Need to get David a new trashcan Mac Pro. With an iMac, since things scale linearly out to 4 to 6 cores, most people will never see this.

thheller14:11:50

the *compiler* is pretty huge and comparing it a lot isn't great

thheller14:11:39

hehe yeah I'm on a 2009 mac pro .. barely see any improvements with more threads

mfikes14:11:56

(That graph is on a dual hexacore 2012 Mac Pro.)

thheller14:11:05

yeah you have a beast of a machine simple_smile

mfikes14:11:20

Nah… my wife’s newer iMac is faster at almost everything these days.

thheller14:11:44

yeah pretty hard to use all those cores

mfikes14:11:50

(I learned a lesson: Nearly nothing can use the cores.)

dnolen14:11:21

We'l swap merge or whatever :) the idea is to reduce contention to once per file instead of per def

dnolen14:11:25

@mfikes interesting! What about changing that sleep to 100?

thheller14:11:07

@dnolen a lot of files compile in less than that, it would probably slow things down

dnolen14:11:37

Just an experiment to get more information

dnolen14:11:18

@mfikes also another thing to try - send-off instead of send

mfikes14:11:48

@dnolen: yep. Tried send-off yesterday. No diff.

dnolen14:11:23

@mfikes: yeah no reason it should since we make as many agents as the fixed agent pool

mfikes14:11:17

@dnolen: Changed sleep from 10 to 100. No diff. (Probably because I have a flat set of independent namespaces.)

dnolen14:11:12

I mean how big are these files that you are writing to disk?

mfikes14:11:17

Here is a bit of interesting information: The first “wave” of compiles consistently all take about 11,500 ms (per compile) and then all the subsequent ones take 7100 ms.

mfikes15:11:05

@dnolen I turned off :cache-analysis and :source-map and no diff.
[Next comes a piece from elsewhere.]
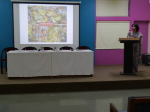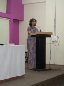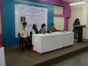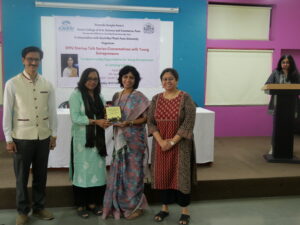 At the beginning of the session, Prof. Soniya Kumbhojkar explained the main objective of the lecture series and outlined the program. Ms. Gayatri Gaikwad, founder of Gayatri Foods and Catering, started the lecture by inspiring students with her own experiences as well as with her courageous attitude of overcoming situations with determination. She presented to the students the various experiences, before starting the catering business and her willingness to work hard and adapt to circumstances. While starting the catering business, she explained the various management lessons and the challenges she faced through numerous examples.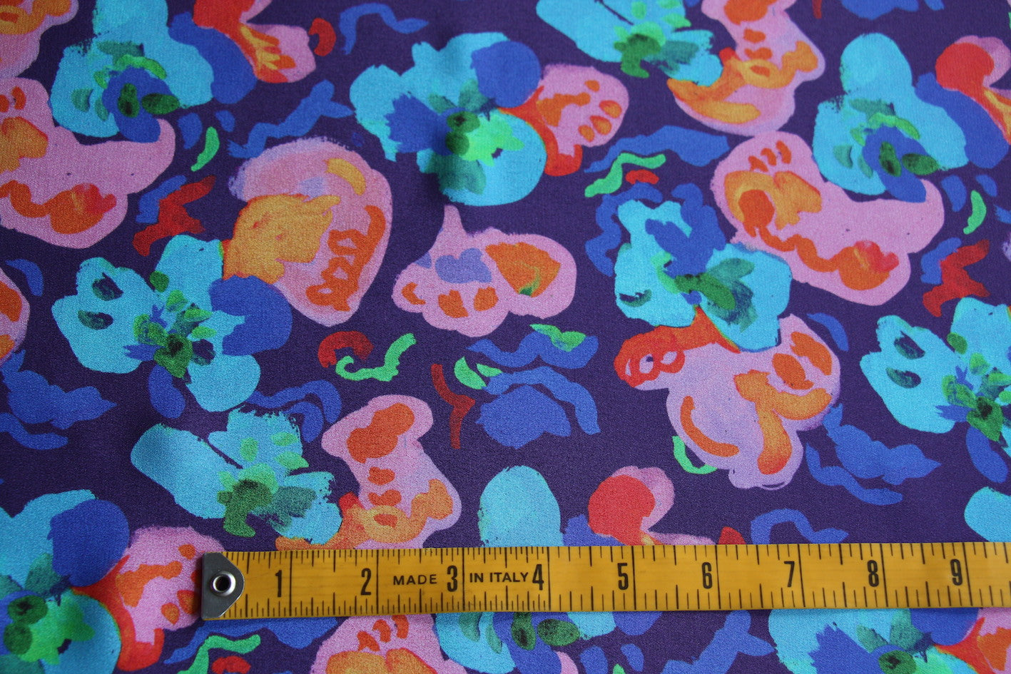 Liberty Fabrics purple/multi printed 100% silk crepe de chine. Width: 140cm

I can copy the entire output target dir to a new one in milliseconds.

thheller15:11:38

yeah IO would show up in the profile as well

mfikes15:11:41

An example JS file: -rw-r--r-- 1 mfikes staff 115859 Nov 16 09:57 ns136.js

mfikes15:11:53

(This is on SSD too.)

dnolen15:11:52

hrm interesting sounds like this will require more sleuthing simple_smile

mfikes15:11:28

$ find target | wc -l
     463
orion:fifth-postulate mfikes$ time cp -r target target2

real	0m0.143s
user	0m0.006s
sys	0m0.129s
(This is with a partial build in place, but illustrates not much I/O probably.)

dnolen15:11:01

but at least we know we got people covered on their dev machines

mfikes15:11:11

Memory bandwidth saturation is my favorite unsubstantiated theory.

dnolen15:11:21

getting the parallel stuff really great is interesting for the compile box scenario

mfikes15:11:27

Yes, linearly to 4–6 cores is great!

mfikes15:11:02

(Especially since “real world” namespaces won’t even make it there.)

dnolen15:11:00

yeah I really don’t expect see people report better than 2X-3X for their projects

dnolen15:11:06

(as if that was a bad thing :P)

mfikes15:11:58

As a sad aside, Amdahl is no longer with us 😞

mfikes18:11:32

Maybe cljs.analyzer/load-core could be improved in the face of parallel compilation.